Was kann ich denn dafür, dass in diesem Moment irgend so ein doofer Nachbar mit der Zigarette auf der Straße stehen musste? Den hatte sicher seine Frau da rausgeschickt. Aber nicht der Geheimdienst. Axel hingegen lächelte spöttisch und entsicherte seine Walter 09. Man konnte nicht wissen.
Gut. Ein letzter Versuch:
"Und was wäre, wenn Du einfach ab jetzt die pure Wahrheit schreiben würdest? Wenn die NSA nämlich annimmt, dass Du weißt, dass sie wissen, dass Du weißt, dass sie alles wissen, werden die doch das, was sie lesen, nicht so lesen wie wenn sie es läsen, solange Du nicht weißt, dass sie wissen, dass du weißt, dass sie alles wissen...oder? Ist doch so!"

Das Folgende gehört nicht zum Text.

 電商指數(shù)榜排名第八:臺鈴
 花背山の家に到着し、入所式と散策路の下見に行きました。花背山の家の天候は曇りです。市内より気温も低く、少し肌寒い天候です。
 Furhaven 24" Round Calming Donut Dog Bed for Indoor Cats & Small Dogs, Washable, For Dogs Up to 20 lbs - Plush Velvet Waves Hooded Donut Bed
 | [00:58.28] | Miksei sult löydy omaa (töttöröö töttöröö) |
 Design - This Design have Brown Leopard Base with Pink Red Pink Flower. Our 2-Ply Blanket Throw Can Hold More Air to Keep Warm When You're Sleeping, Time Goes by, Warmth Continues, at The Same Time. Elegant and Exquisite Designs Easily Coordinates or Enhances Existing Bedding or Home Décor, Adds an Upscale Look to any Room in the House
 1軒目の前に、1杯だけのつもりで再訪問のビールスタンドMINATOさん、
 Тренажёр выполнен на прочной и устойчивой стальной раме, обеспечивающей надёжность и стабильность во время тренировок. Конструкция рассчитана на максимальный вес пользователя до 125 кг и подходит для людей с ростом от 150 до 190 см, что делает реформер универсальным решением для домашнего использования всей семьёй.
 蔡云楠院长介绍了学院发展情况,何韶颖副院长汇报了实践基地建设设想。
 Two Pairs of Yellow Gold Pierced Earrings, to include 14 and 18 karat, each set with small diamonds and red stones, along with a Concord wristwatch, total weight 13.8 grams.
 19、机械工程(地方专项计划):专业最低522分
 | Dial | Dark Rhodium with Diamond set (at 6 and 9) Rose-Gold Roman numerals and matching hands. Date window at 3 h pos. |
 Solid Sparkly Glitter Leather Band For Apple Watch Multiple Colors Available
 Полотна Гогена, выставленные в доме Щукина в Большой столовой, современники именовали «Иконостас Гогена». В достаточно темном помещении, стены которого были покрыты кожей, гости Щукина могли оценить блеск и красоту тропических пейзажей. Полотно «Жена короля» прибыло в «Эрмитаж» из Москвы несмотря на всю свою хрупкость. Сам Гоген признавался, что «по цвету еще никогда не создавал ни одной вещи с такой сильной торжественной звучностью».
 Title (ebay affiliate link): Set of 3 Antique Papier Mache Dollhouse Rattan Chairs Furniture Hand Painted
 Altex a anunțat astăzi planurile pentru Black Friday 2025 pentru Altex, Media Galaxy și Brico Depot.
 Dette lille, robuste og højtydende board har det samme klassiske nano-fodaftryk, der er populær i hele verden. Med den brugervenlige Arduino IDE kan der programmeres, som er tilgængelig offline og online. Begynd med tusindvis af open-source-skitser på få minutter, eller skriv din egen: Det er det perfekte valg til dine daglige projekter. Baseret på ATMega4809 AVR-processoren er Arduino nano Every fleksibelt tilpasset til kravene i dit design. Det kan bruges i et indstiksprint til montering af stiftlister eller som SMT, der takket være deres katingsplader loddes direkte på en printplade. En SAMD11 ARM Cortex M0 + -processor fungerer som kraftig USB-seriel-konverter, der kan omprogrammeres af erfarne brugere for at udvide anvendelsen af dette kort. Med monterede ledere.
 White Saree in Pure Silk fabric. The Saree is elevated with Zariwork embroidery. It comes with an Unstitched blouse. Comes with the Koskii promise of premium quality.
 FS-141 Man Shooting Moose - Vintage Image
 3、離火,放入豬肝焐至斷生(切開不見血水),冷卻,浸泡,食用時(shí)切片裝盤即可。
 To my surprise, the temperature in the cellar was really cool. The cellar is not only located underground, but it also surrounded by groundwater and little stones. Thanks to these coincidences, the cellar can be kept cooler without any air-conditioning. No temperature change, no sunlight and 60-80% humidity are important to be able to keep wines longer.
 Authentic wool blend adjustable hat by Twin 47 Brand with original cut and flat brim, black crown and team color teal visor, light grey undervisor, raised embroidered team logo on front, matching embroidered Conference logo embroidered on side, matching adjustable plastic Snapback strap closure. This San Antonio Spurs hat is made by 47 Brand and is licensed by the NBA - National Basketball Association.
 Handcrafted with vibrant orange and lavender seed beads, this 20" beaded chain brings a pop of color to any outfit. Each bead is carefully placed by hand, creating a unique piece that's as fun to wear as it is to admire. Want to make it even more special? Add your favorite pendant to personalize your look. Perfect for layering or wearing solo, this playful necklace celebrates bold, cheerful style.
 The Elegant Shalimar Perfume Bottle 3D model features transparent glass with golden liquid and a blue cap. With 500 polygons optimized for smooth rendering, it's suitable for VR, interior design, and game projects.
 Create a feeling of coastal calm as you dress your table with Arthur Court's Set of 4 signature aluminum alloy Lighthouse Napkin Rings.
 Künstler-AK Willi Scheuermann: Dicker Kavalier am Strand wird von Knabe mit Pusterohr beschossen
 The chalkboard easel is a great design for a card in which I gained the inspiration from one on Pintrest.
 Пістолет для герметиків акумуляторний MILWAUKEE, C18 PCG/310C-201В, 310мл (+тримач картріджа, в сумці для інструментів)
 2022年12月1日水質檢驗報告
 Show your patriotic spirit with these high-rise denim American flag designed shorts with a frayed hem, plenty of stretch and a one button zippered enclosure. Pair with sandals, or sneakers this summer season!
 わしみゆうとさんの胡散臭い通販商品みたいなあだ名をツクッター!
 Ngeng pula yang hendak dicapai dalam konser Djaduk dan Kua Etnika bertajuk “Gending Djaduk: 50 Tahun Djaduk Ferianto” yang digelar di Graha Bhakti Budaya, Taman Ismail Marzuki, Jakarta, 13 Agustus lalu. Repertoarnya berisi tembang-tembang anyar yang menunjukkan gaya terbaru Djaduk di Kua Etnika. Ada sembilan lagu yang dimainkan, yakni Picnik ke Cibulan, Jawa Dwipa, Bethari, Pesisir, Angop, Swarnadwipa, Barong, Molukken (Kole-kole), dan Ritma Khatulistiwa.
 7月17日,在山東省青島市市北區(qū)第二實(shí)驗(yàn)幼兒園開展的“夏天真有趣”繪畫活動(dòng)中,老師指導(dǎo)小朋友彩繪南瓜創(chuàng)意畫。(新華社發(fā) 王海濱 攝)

Aber Axel hörte mir schon nicht mehr zu.
Ich habe Erika, meiner Freundin ausreden können, dass seltsame Mails von Axel mehr als ein Versuch sind, den Staat zu unterminieren. Und im Übrigen schreibe ich ihm ab und zu kleine Kassiber mit Signalsätzen wie "Die Ente hat heute keine Schlappschuhe an" oder "Der Donnergroll von Inge Meysel ist nichts gegen die Apathie des Seins in einem Musikantenstadl" Ich denke, das braucht Axel jetzt, um sich verstanden zu fühlen. Vielleicht würde er sich auch nach der ersten Verhaftung etwas beruhigen. Es ist gut einen Feind zu haben.
Man muss seine Freunde ernst nehmen. Erika ist da anderer Meinung. Sie hat Axel von den wöchentlichen Bridge-Turnieren in unserem Partykeller ausgeschlossen. Das hat seine Verdachtsmomente erhärtet. An seiner Stelle wäre ich da aber vollkommen beruhigt. Erika hat keine Gene für Geheimnisse. Glaube ich.
P.S.: Axel philosophiert seit neuestem ein wenig auf seinem Forum über Gott und die Welt. Leider. Los, Rauchbomben!